本文采用层次结构网格下的有限体积法求解带电磁力源项的Navier-Stokes方程,对圆柱绕流、圆球绕流和潜艇及其附体流场的三维结构特征及其电磁力控制效应的问题进行了数值模拟研究。
主要的研究结果如下:
(1)圆柱绕流在卡门涡街脱落过程中,随着雷诺数增大,展向的卡门涡逐渐失去稳定性,两种典型的三维不稳定性模式为模式A和模式B。研究结果表明,模式A流场不稳定性的展向波长约为3.3至5倍圆柱直径,模式B流场不稳定性的展向波长约为0.83倍圆柱直径。在圆柱绕流边界层区域内施加电磁力后,卡门涡的脱落得到有效抑制,圆柱后滞点附近的压力得到提升,阻力减小且升力的波动被抑制。
(2)与圆柱绕流的分离泡失去对称性变为非定常流动不同,圆球绕流在三维转捩过程中,尾迹从涡环变为双线涡,双线涡失稳后变为发夹涡脱落。在圆球绕流为非定常面对称流动过程中,随着发夹涡的脱落升阻力具有相同的变化频率和相位角。随着雷诺数继续增大至400左右,涡结构和受力曲线均呈现准周期性变化。通过在圆球边界层施加电磁力后,抑制了发夹涡的形成和脱落,缩小了圆球后滞点周围的最小压力区域,圆球在流向和垂直于流向方向的受力波动被抑制。
(3)针对具有复杂附体结构的潜艇模型,分析了由于附体的扰动对潜艇主体流场的影响,分析了不同雷诺数和航行姿态下潜艇主体及其附体流场的结构变化规律;通过利用电磁力对潜艇附体的局部流场进行控制,改善了潜艇的整体流场和动力学特性。结果表明,在潜艇及其附体流场中,随着雷诺数量级的增大,围壳后尾涡的脱落对流场的扰动作用越来越大。在其他参数相同且航行姿态不同时,偏航时的流场较直航时稳定,下俯时的流场较上仰时的流场稳定。通过在围壳边界层施加电磁力控制后,围壳后的尾涡被抑制为稳定的线状涡。对于带尾舵和鳍翼的潜艇流场,电磁力也可以有效抑制翼型后尾涡的脱落,具有较好的减阻控制效果。
通过对圆柱、圆球和潜艇等典型回转体的流场三维结构特征及其电磁力的控制效应的系统研究,得到了回转体绕流流场的结构特征及其电磁力控制参数。研究结果对减少航行器的阻力、抑制旋涡脱落等方面具有一定的应用价值,对于提升航行器的推进效率、减少燃料消耗、稳定性和机动性等方面的研究工作具有一定的意义和作用。
The electromagnetic force (i.e. Lorentz force) generated by the electromagnetic field in the electrically conducive fluid can modify the flow boundary layer, which is an effective flow control method. The Electromagnetic Flow Control (EMFC) can be categorized into two groups, Magnetic Hydrodynamics (MHD) and Electromagnetic Hydrodynamics (EMHD) according to the control method adopted. The flow of fluid with certain conductivity, especially weakly conductive fluids such as seawater and weak electrolyte solutions, can be controlled utilizing the electromagnetic force by reconstructing and adjusting the boundary layer. This flow control method represents the comprehensive effects of nonlinear control, belonging to the category of EMHD. This flow control technique may reduce the drag, enhance or suppress vortex, and have broad application prospect in improving propulsive efficiency, maneuverability and stability of the underwater vehicles (e.g. submarines and ships).

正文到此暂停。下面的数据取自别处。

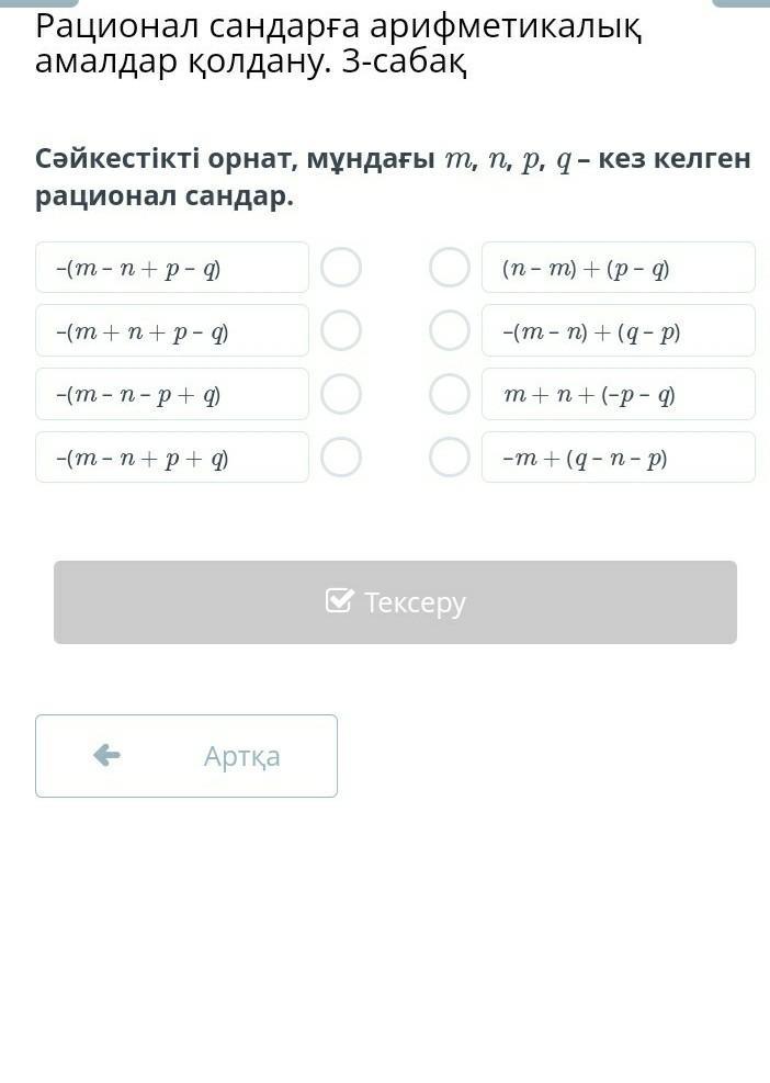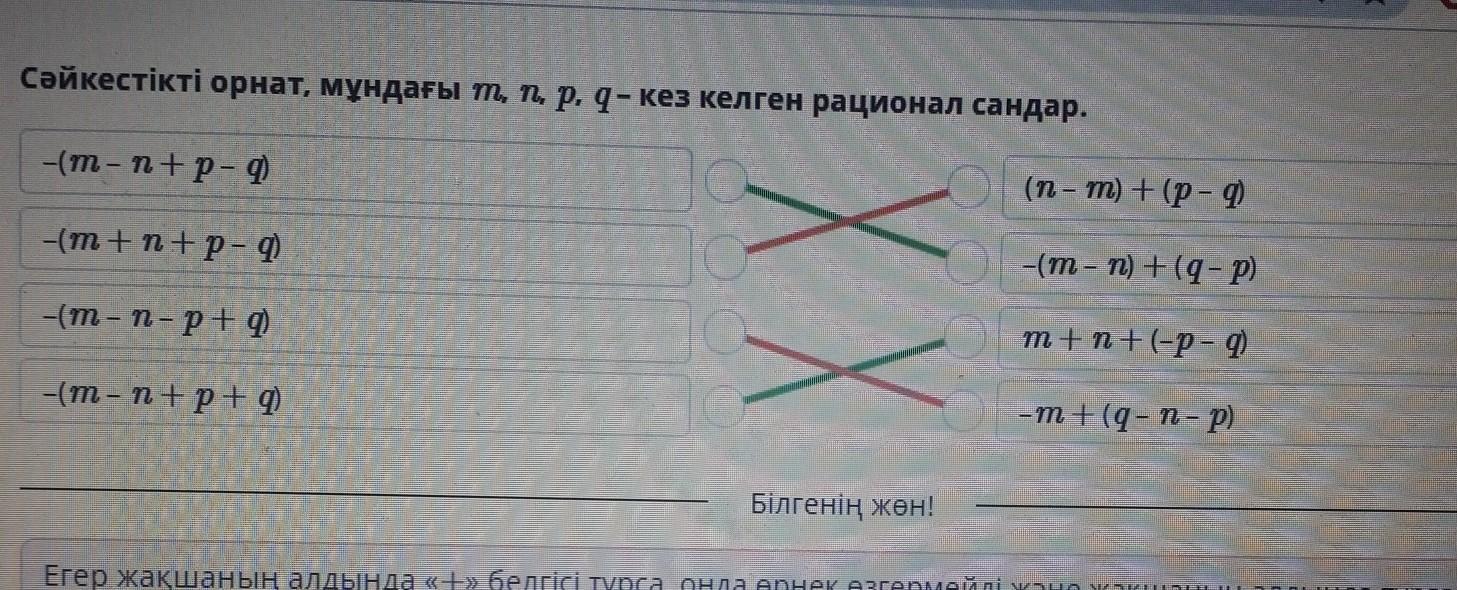 Сәйкестікті орнат, мұндағы m, n, p, q – кез келген рационал сандар.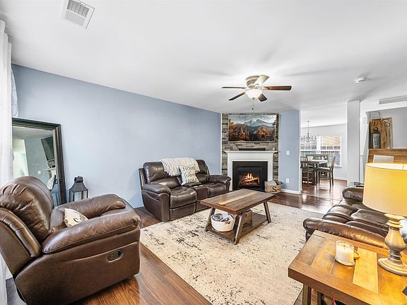 Welcome to a home where comfort, warmth, and everyday living come together effortlessly. The charming curb appeal beckons you in. The moment you step inside, the neutral tones and warm wood finishes create an atmosphere that feels instantly grounding. The bright kitchen is the heart of the home; spacious, and thoughtfully laid out with ample cabinets and counter space. Sunlight pours into the eat-in area through the sliding doors, drawing you naturally toward the expansive, fully fenced yard. It’s a rare amount of outdoor space: room for kids to run, pets to play, gardens to grow, and a patio designed for dinners al fresco and long summer evenings. Indoors, the livingroom fireplace creates a cozy spot to unwind, while the refreshed bathroom with double sinks and a tub adds a spa-like touch. The bedroom feels open and uplifting with its high ceiling and natural light. A double garage and wide concrete driveway offer abundant parking and storage. With easy highway access and amenities nearby and just far enough from the hustle -this home offers the perfect blend of convenience, comfort, and space to truly thrive.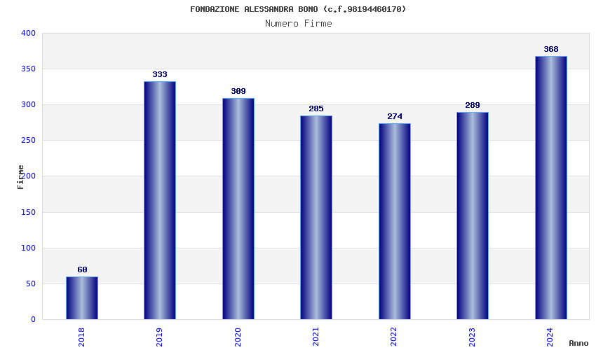 | Anno | Firme | Importi | Media | Naz. | Reg. | Prov. | Comu. |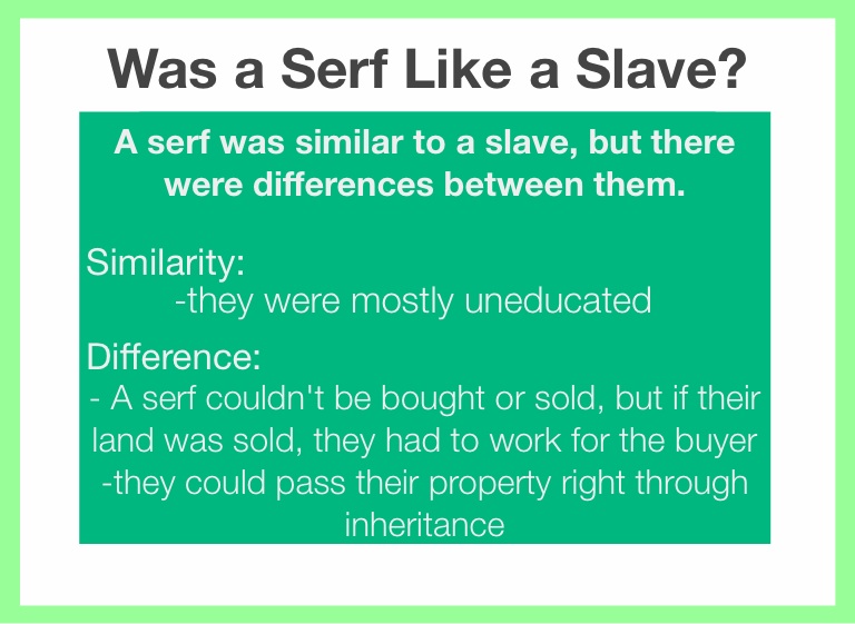 - A serf couldn't be bought or sold, but if their land was sold, they had to work for the buyer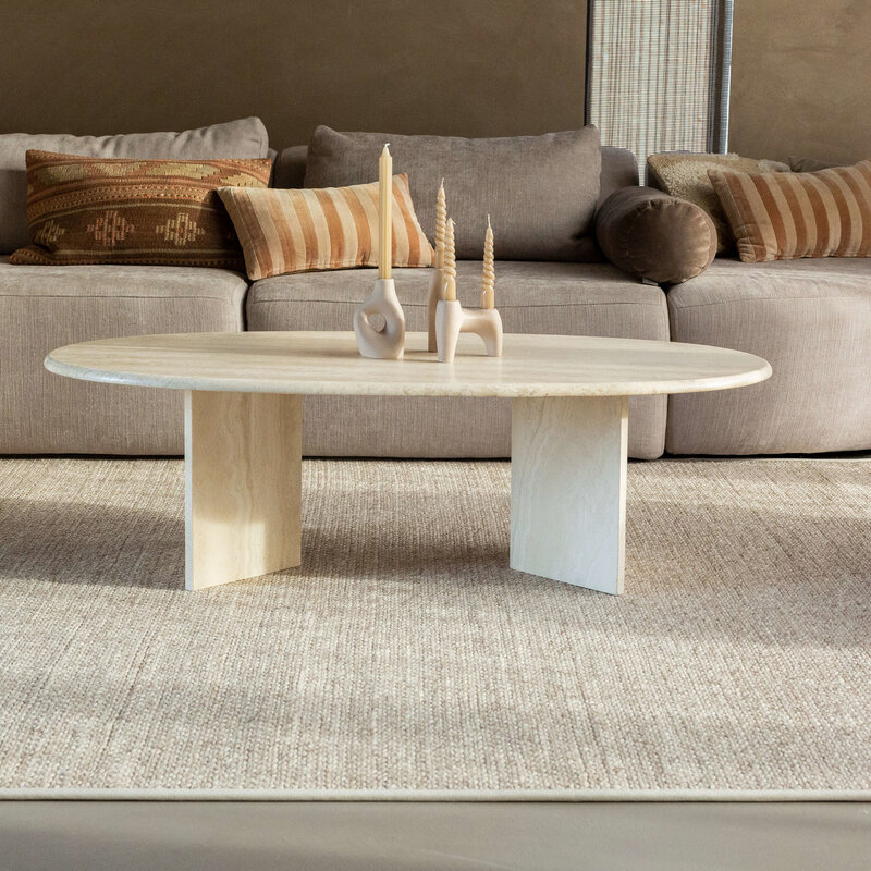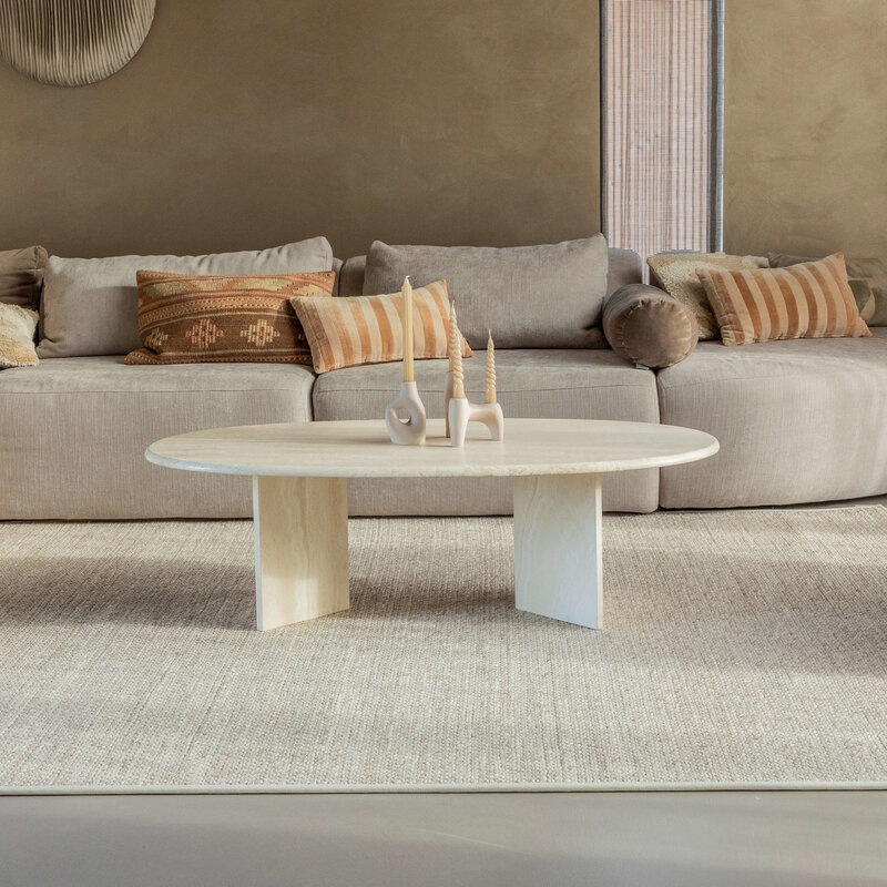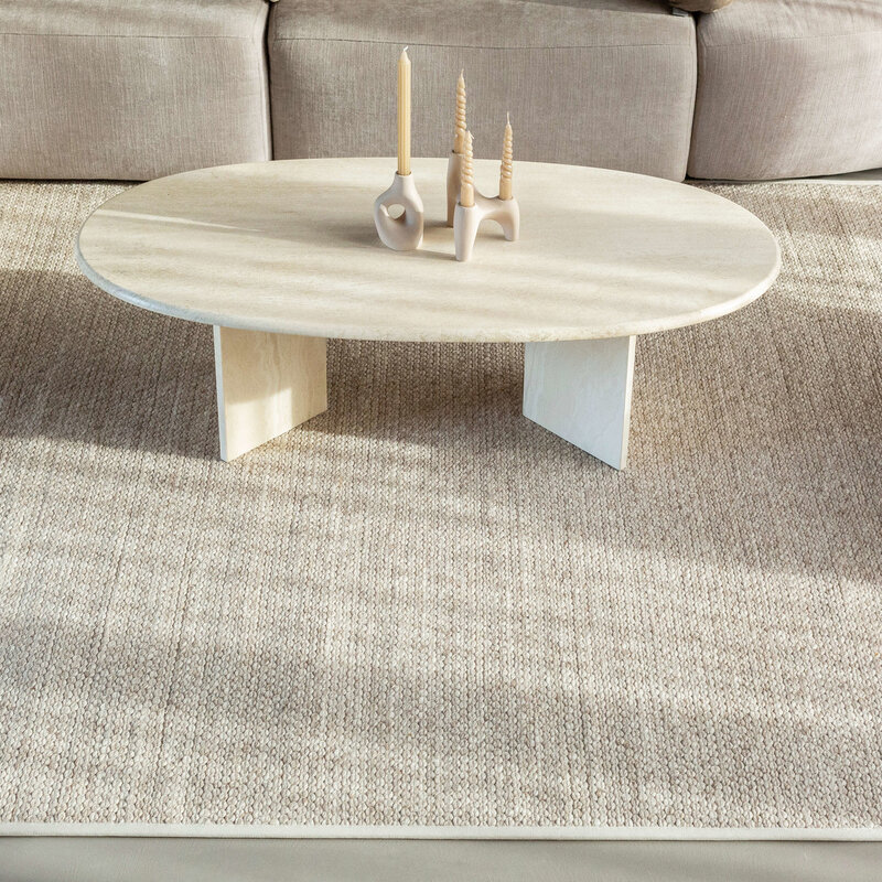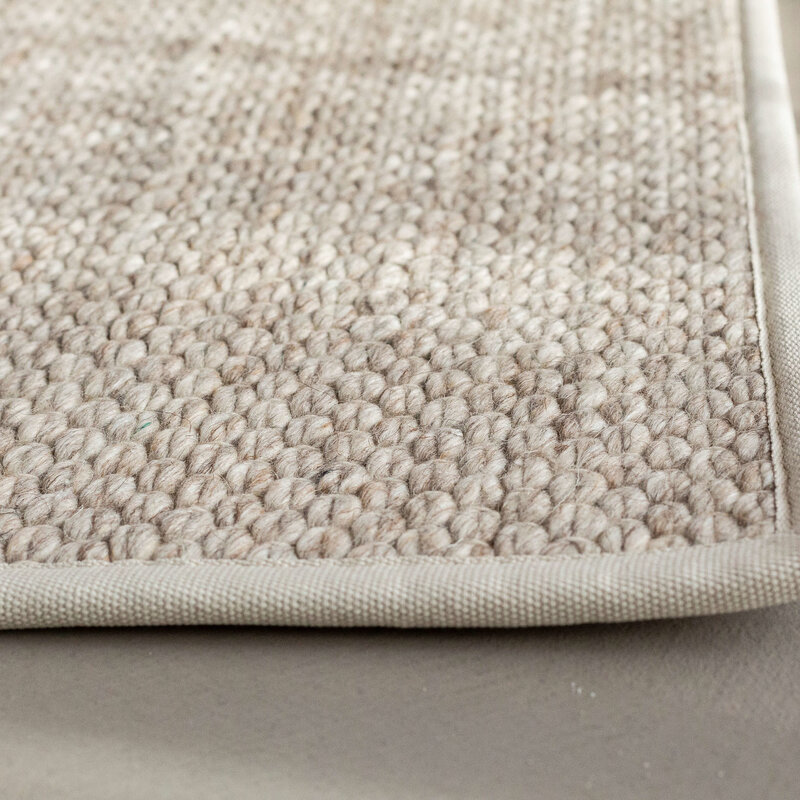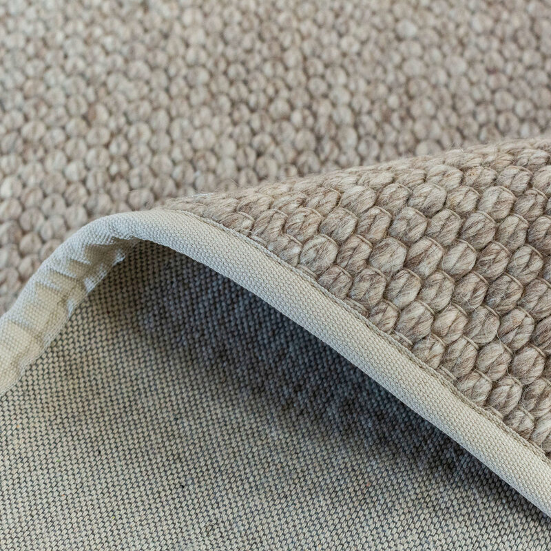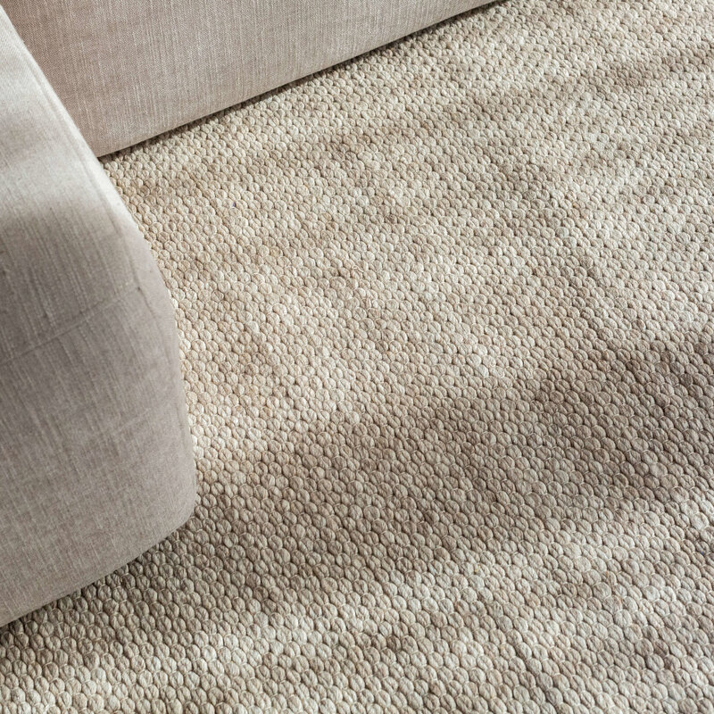Dieser wunderschöne moderne Webteppich ist einer unserer modernen Wollteppiche in der Kollektion. Dieser Teppich in Beige ist aus Garn höchster Qualität gewebt, das zu 60 % aus Wolle und zu 40 % aus Viskose besteht. Dadurch erhält er den Charme und die Vorzüge eines Wollteppichs und ist durch die Beimischung unterschiedlicher Garne noch pflegeleichter und verschleißfester. Wolle hat außerdem isolierende Eigenschaften, sodass sie sich sowohl bei kaltem als auch bei warmem Wetter gut anfühlt.

The objective of this dissertation is to investigate numerically the three-dimensional structures of the flow field around three types of bodies of revolutions, i.e. cylinder, sphere and submarine, and the control effects of the electromagnetic force on the flow field. The Navier-Stokes equations considering the source term of electromagnetic body force are solved by finite volume method based on the hierarchical structured mesh.
Main conclusions are as follows:
(1)In the process of vortex shedding from the circular cylinder, the spanwise Karman vortex loses stability gradually and the small scale streamwise vortex is formed. Base on the spanwise scale of the streamwise vortex, two typical instability modes are mode A and mode B. The spanwise length of the mode A instability is to be around3.3-5times the cylinder diameter, and the spanwise length of the mode B instability is about0.83time the diameter. When the boundary layer of the flow around cylinder is controlled by Lorentz force, the vortex shedding is suppressed efficiently. The pressure in the region around the rear stagnation point is increased and the drag is reduced.
(2)Unlike the flow past the circular cylinder, which the separation bubble lose symmetry and turn into unsteady flow, the wake of the sphere transforms from vortex ring to double filaments vortex, and the double filaments vortex loses stability leading to the shedding of the hairpin vortex during the wake transition process. When the flow around sphere is unsteady plane-symmetrical, the drag and lift coefficients oscillate periodically with the same frequency and phase as the hairpin vortex shedding. When the Reynolds number is about400, the vortex shedding and the time history of force coefficients become quasi-periodic. When the Lorentz force is applied on the sphere boundary layer, the formation and shedding of the hairpin vortex is suppressed. The region of favorable pressure gradients near the rear stagnation point is reduced and the fluctuation of the force is suppressed.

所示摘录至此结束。